Monday, April 24, 2017

Preaching on pronunciation: That's the spirit!

It just goes to show that you can get into trouble for practically ANYTHING nowadays. No...let me amend that: I can get into trouble for practically ANYTHING nowadays. Case in point:  There I was, yesterday in church. Yes...church. Taking detailed sermon-notes to stay on task. Discussing the weather with fellow parishioners. Singing. And in this case, singing the Doxology. Poorly, but still, with feeling and sincerity. "Praise Father, Son, & Holy Ghost. Ahhhhhh-men." I was startled when my daughter Sydney sent me a scathing scowl.

I would learn the reason for the scowl as soon as we reached the van. "Did you hear Mom putting on airs during the service," Sydney asked her father in disgust. I was shocked. Me? Airs? I'm the one who begged for Duluth Trading Post no-yank tanks for Christmas and am currently petitioning the company to make knee-length tank tops. I take the dogs out every day for their morning constitution clad in a robe with my hair wrapped in a turban, cheerfully waving at passing neighbors. Airs? Me?

"What was with your Ahhhh-men?" she said accusingly to me, "You know that we're long-A Amen people."

We are? Frankly...I was stunned.

"Whenever you're trying to impress people, you switch to Ahhhh-men," she alleged. I was shocked. When I am consciously trying to impress people, I wear shoes that have backs to them and use the word "extrapolate" in context. If I'm REALLY trying to wow someone, I might put on some nail-polish and then let a year go by as the paint slowly chips off. Airs?!?! Me?!?!

Brad had remained strangely silent during this exchange but re-joined the conversation as we drove past a barn in mid-repair. Sydney remarked upon the Amish practices of barn-raising and I pounced.

"Wait. Say that again," I told her.

"What," she asked, confused.

""Who raises barns?" I asked.

"The Amish," she answered.

Triumphant, I turned to my husband. "Did you hear that?"

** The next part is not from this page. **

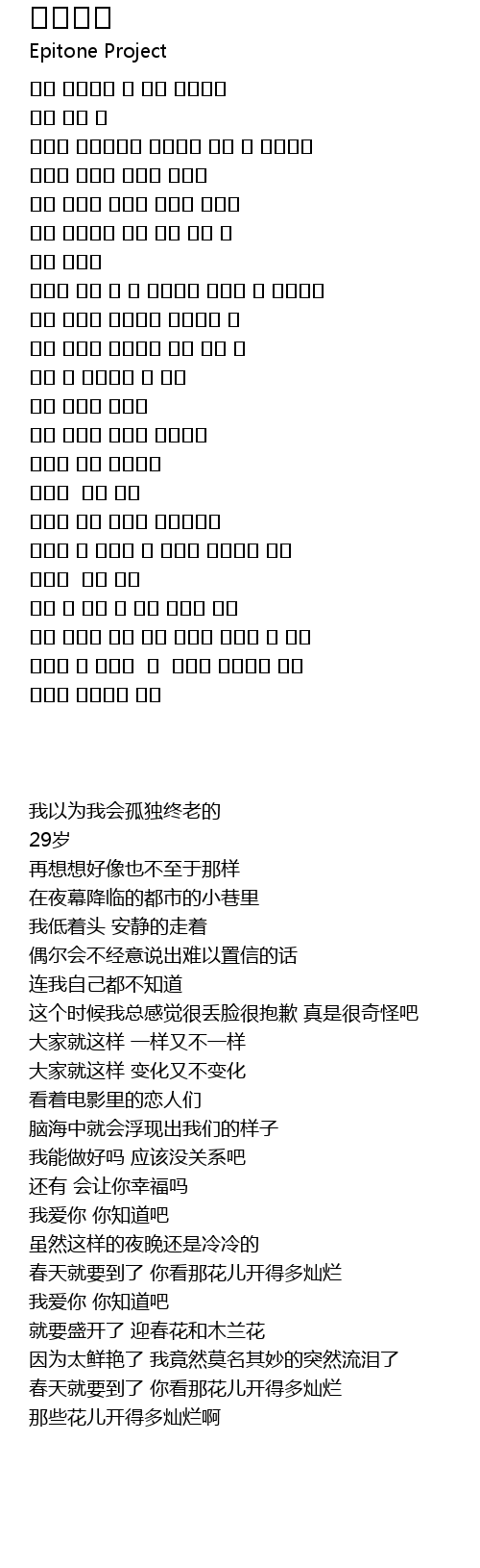 | [03:02.12] | 이제는 곧 봄이야 봐 꽃들이 피어나고 있어 |

"Airs/smares," I snapped, "look at you getting all fancy with how you pronounce Amish."

"What do you mean," Sydney replied, confused, "I say it like everyone else says it."

Does she?" I asked Brad, who was still keeping quiet. His mid-west accent makes him a target during conversations such as these. He did shake his head though.

"You say the beginning of Amish like you're going to say the word almond," I contested, "It's suppose to sound like when the doctor asks you to say Ahhh...."

"Like in Amen," Brad finally said, grinning. Sydney slumped back in her seat and I sat up much straighter, proudly vindicated. Just the emotions that one is SUPPOSE to feel when one leaves church.